Monday, February 20, 2012

The Difference Engine by William Gibson and Bruce Sterling

I just finished one of the supposed founding classics of the steampunk genre, and I didn't understand it. The Difference Engine is by Bruce Sterling and William Gibson (who also wrote Neuromancer). I am not entirely sure of the relationship between Neuromancer being one of the defining books of the "cyberpunk" genre and The Difference Engine being one of the defining books of the "steampunk" genre, but I think "steampunk" was coined after "cyberpunk," and in relation to it.

On a side note, I didn't underline any of my book titles. I learned somewhere that I was supposed to do that, but it seems like a waste of time and effort. I dislike underlining anything, or even "bolding" anything. Italics and quotation marks are permitted.

Moving on.

I believe the concept of The Difference Engine (should I be capitalizing the "The" every time since it is technically in the title?) is that Charles Babbage, an actual historical person, hypothesized about the creation of some sort of rudimentary computer, called the difference engine, and then went from there to the analytical engine. In real life these were never built. In the story, we have massive ancient computer-like systems that aid in running the world around 1855. People have numbers that contain reports on them. The Engines perform a great deal of computing, including things as mundane as the production of music and printing pictures of people for use on their cards. The government institutions all have Engines.

It took me far into the book before I was even sure what the plot was, and it wasn't until I reached the end that I was even sure what it was about. And then only slightly. The book follows a few different people with about three to four narrative voices and some abstract narration thrown in for good measure. The stories might only be connected by a chance meeting and a small box of punch cards used to program the Engines. However, nobody even knows what these cards do until the end of the book.

Somewhere in the middle we get a strong picture of London at the time and the unwashed, unhappy masses that inhabit it. I see some of Gibson's flair for the creation of a scene in a way that leaves you there in the midst of polluted London during an event they called "The Stink," choking on the thick fog right along with the main character. You start to feel the frenzy as the fumes drive out the authority and shroud the streets in anonymity, where shop owners who haven't fled are protecting their shops with rifles, gambling rings crop up right out in the open, poor people tear apart a steam gurney left un-watched. Unable to escape and prodded by the socialist doctrines of an agitator, they take to the street violently, like wild dogs.

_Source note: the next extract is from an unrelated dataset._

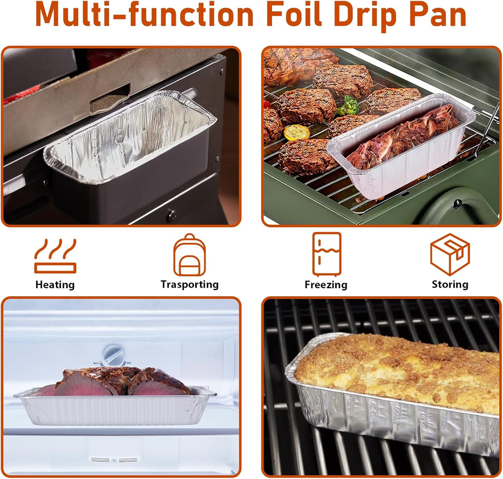 Perfect Fit : Each grease cup liner measures 8 x 3 x 3.7 inches and fit the grease tray on your Blackstone griddles 28 inch, 30 inch, and 36 inch. These Blackstone 5017 drip pan liners for the Blackstone 22 and 17 inch models will require you to bend the liners slightly to fit properly No More Messy Grill : The grill drip tray is the perfect accessory for your grease catcher. Specifically designed to collect grease and drippings from cooking delicious food on your gas grill for a clean, mess-free grilling experience Make Cleaning A Breeze : Simply fill the disposable foil drip pan liner and collect the grease and food residue, and once you're done, you can throw it away for a new drip tray, helps with easy cleanup after cooking and seasoning. Set of 30 drip pans to last all Season, price point - a fantastic value Durable And Space-saving : These drip pan liners are made of high quality aluminum foil, sturdy, heavy-duty, won't break easily, eco-friendly and 100% recyclable. The aluminum drip pans are also stackable to help you save shelf and countertop space. Lightweight and easy to carry, they are a great addition to your outdoor grill Multipurpose : Absorbs and reflects heat more efficiently, withstands extremely high temperatures without warping or melting, perfect for use in the oven or on the grill. Our grease cup liner can also be used in ovens and freezers, ideal for preparing food or preserving food before you get ready to grill. Great for baking, barbecues, grilling, beach, camping, picnics, parties and more Product Description Disposable Grease Catch Liners Replacement for blackstone Outdoor Gas Griddle. No clean up necessary Just throw away once finished, simple and efficient grill maintenance, keeping your grill clean has never been easier. Easy To Use - Simply insert it into the iron plate drip pan, fill it up and throw it in the trash. Compatibility - Perfectly compatible with Blackstone 28-inch and 36-inch skillet oil cups. Almost fits (liner needs to be slightly curved) Blackstone 22-inch grill. Heavy Duty Construction - These aluminum foil grease cup liners are strong enough to hold the weight of grease and all the mess. Save Time and Effort - Economical to pack in bulk, they are a must-have for cleaning your iron plate. Large Capacity - These foil oil cup liners hold up to 27 ounces of oil. Grill Baking Cooking Freezing EFFORTLESSLY KEEP YOUR BLACKSTONE GRIDDLE CLEAN These drip pans effectively trap grease and drippings, ensuring hassle-free griddle maintenance. Simply discard it and replace it with a fresh one to make clean up a breeze. HIGHER QUALITY MATERIAL The foil liner is made of 100% recyclable and heavy-duty aluminum foil that doesn’t leak and is food-grade., each aluminum foil tray can be reused. Add to Cart Add to Cart Customer Reviews 4.8 out of 5 stars 527 4.8 out of 5 stars 1,576 4.8 out of 5 stars 527 4.8 out of 5 stars 527 4.6 out of 5 stars 29 Price $12.99 $ 12 . 99 — $11.99 $ 11 . 99 — $16.99 $ 16 . 99 Size For 7"*3" drip pan For 7"*3" drip pan For 7"*3" drip pan For 7"*3" drip pan 9" * 6.5" Heavy-Duty ✔ ✔ ✔ ✔ ✔ 100% recyclable ✔ ✔ ✔ ✔ ✔ Material Aluminum Aluminum; Meatl Aluminum Aluminum Steel,Nylon,Pumice Stone Package 30 16 20 12 9 Pcs

Much of the narrative does not seem to relate to the events that surround the characters, the things they struggled for. The punch cards are barely mentioned and are merely a pawn in some of the confrontations. The narrative instead peels back the facing on the characters, revealing their strengths, weaknesses, motivations, hidden sins. Some are never in the forefront and you learn about them through gossip and have to choose what to believe yourself. It is a cross-section of humanity, showing some of them at their worst.

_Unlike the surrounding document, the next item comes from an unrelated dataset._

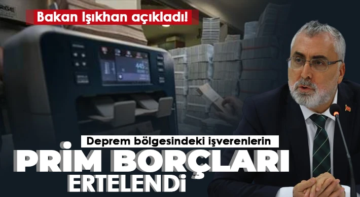 Bakan Işıkhan, "Adıyaman, Hatay, Kahramanmaraş ve Malatya illeri ile Gaziantep’in İslahiye ve Nurdağı ilçelerindeki işverenlerimizin mevcut prim borçları, mücbir sebep düzenlemesi kapsamında 29 Aralık 2023 tarihine kadar ertelenmiştir" dedi.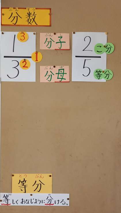 2学級を3分割して、分数のたし算・ひき算の学習に取り組んでいます。

The end is what some people have termed "dystopian," though I didn't much understand it. For some of the characters, their lives ended well. Mallory, the most featured character, lives to be a relatively old man of scientific success. Sybil grows old in her haven in France. But the ending, which seemed to be a collection articles, letters, and recollections, reveals the nature of the cards and the nature of some of the big names in the story, the leaders, the ones previously held in awe. Even the leaders can be sinners. And then at the end, there is a brief section of narrative that jumps you forward to 1990. Perhaps it would be better to quote. Even though it is Wikipedia.

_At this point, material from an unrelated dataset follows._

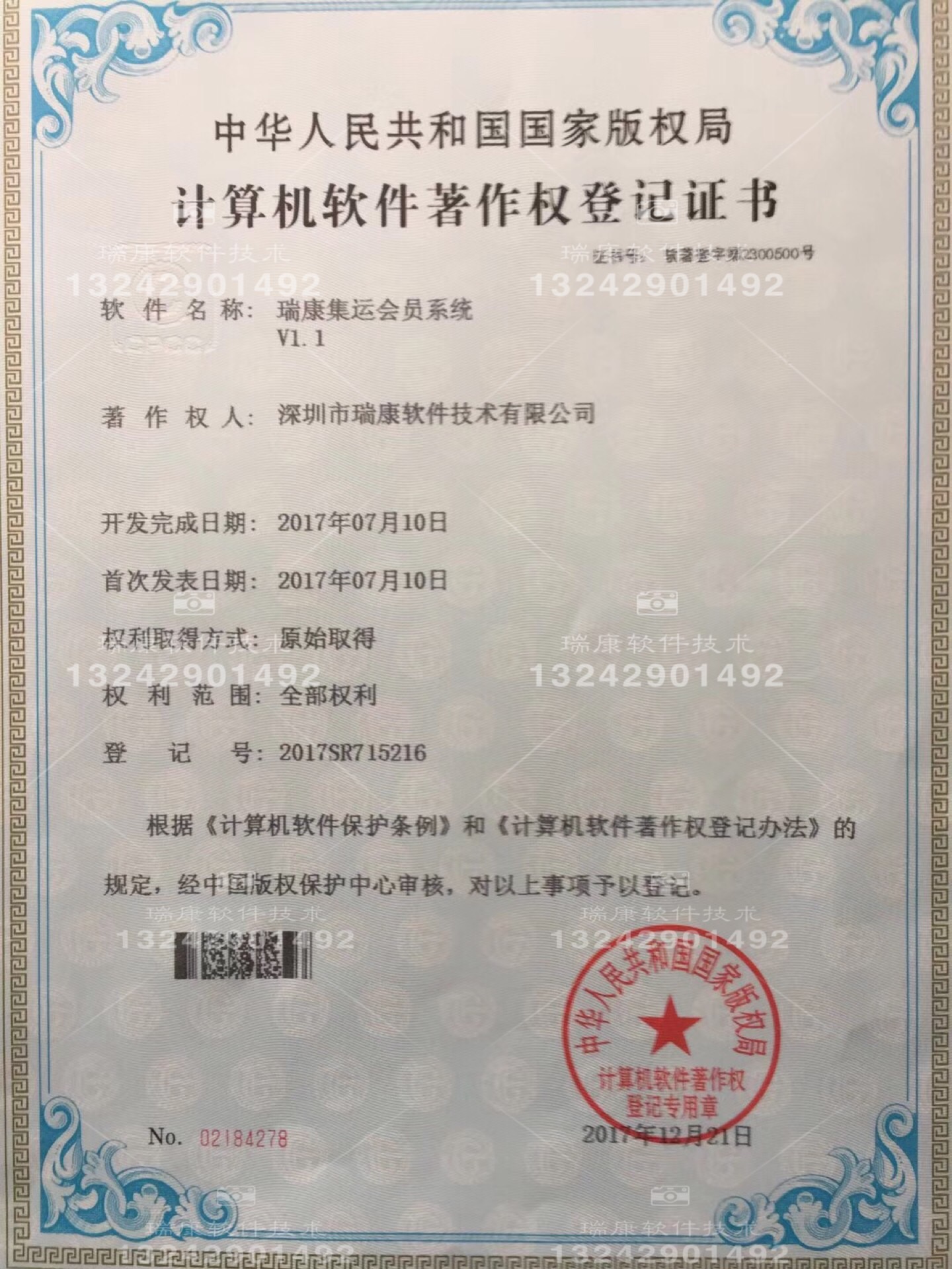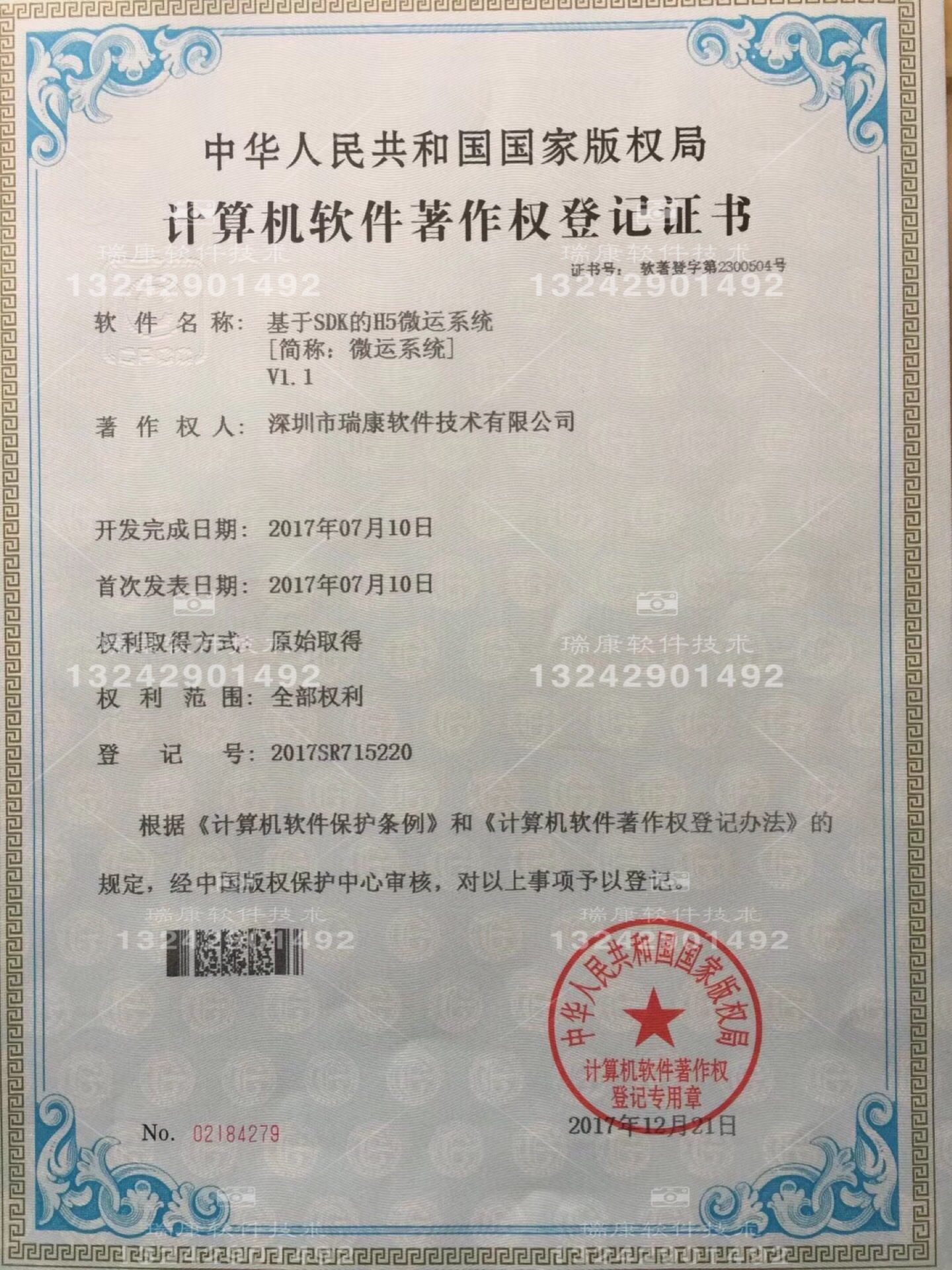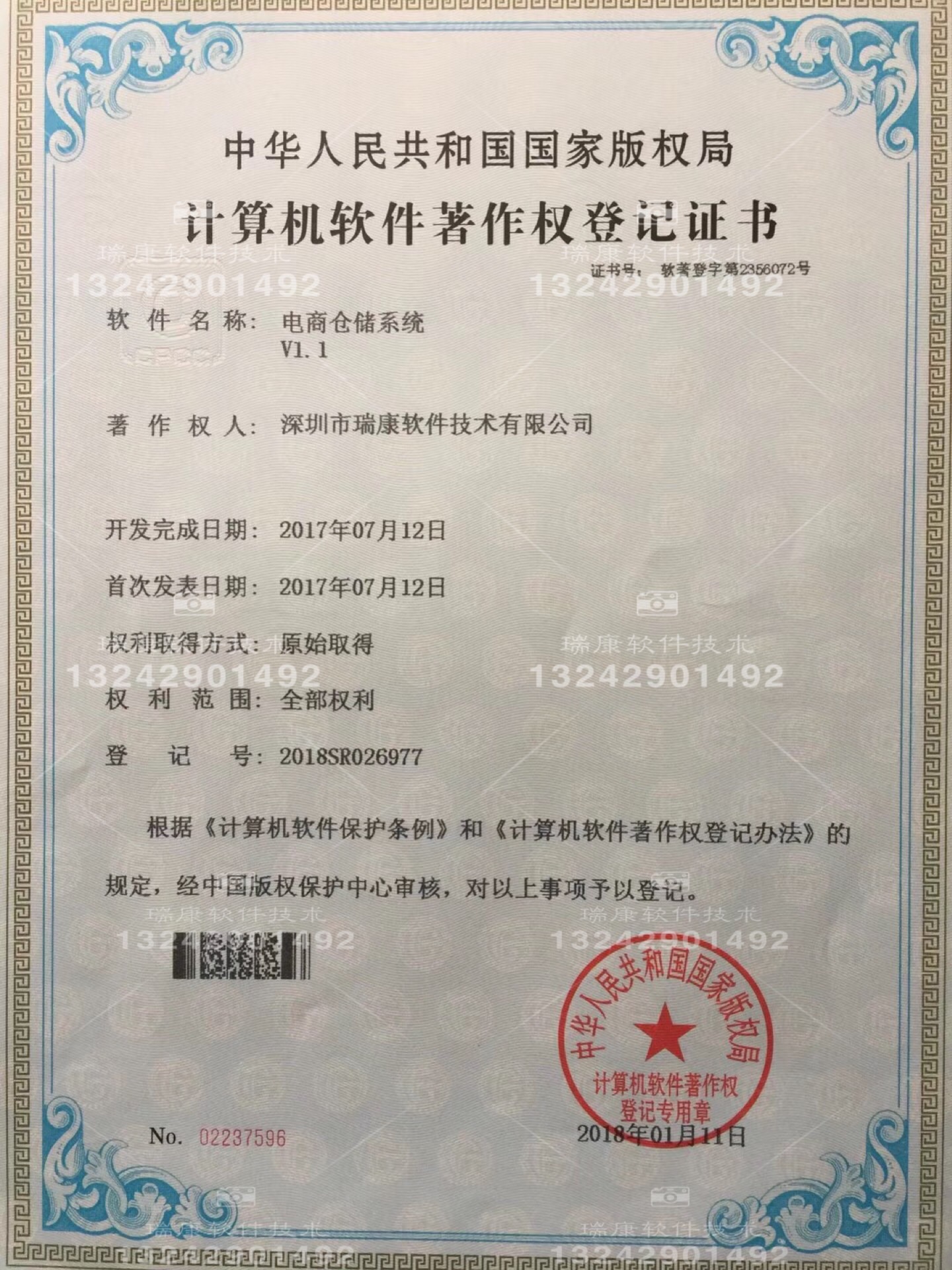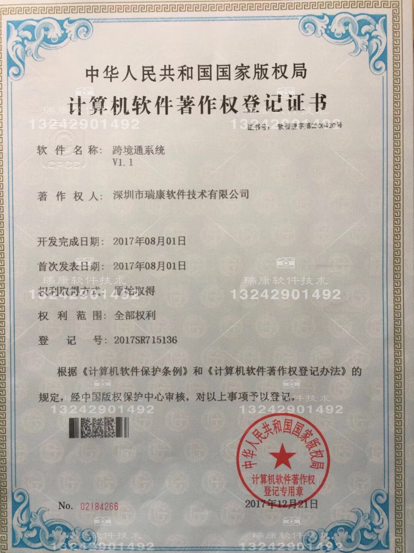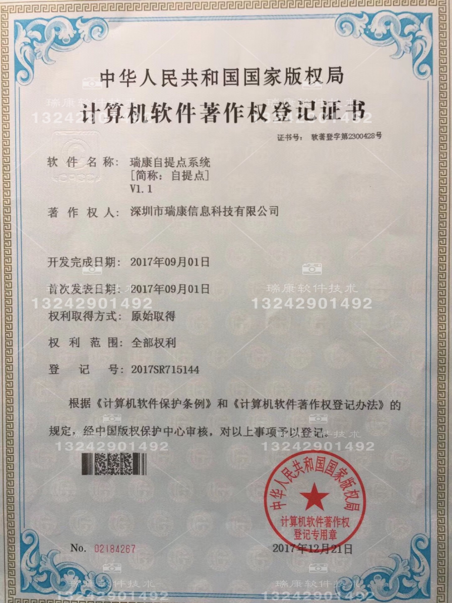 根據(jù)《計(jì)算機(jī)軟件保護(hù)條例》和《計(jì)算機(jī)軟件著作權(quán)登記辦法》的規(guī)定和中華人民共和國國家版權(quán)局的考證,日前,“瑞康科技”再次榮獲計(jì)算機(jī)軟件著作權(quán)登記證書。

"At the very end of the novel, there is a dystopian depiction of an alternate 1991 from the vantage point of Ada Lovelace. Throughout the novel's latter sections, there are references to an "Eye". At the end of the novel, human beings appear to have become digitized, ephemeral ciphers at the mercy of a sentient artificial intelligence." - Wikipedia.org

The book says something along the lines of "Paper-thin faces billow like sails, twisting, yawning, tumbling through the empty streets, human faces that are borrowed masks, and lenses for a peering Eye. And when a given face has served its purpose, it crumbles, frail as ash, bursting into a dry foam of data, its constituent bits and motes." - The Difference Engine

Surging humanity, all meaningless to the computer-thing that watches them, the computer-thing that gains sentience. I take to meant that their once great Engines, hailed as progress, the future, science, the epitome of knowledge and reason has somewhat turned against them and they become like pieces of a machine to the new consciousness, useful only in their time, life surging meaninglessly past them in their busy circles.

Sorry for the long sentences. I am still attempting to wrap my head around this book. All in all, it is an entertaining read. There is a complete world in it with many different inventions and political climates that are different from us and it is entertaining to see it unfold. I was actually curious about more of those and wanted to see more of the differences. The characters, while not always likable, are raw and realistic and you might find yourself rooting for one, encouraging them through the confusion that is their place in the story. And it makes you think.

Overall, then, a good book. Somewhat graphic in nature, so I recommend only to adults. Not David.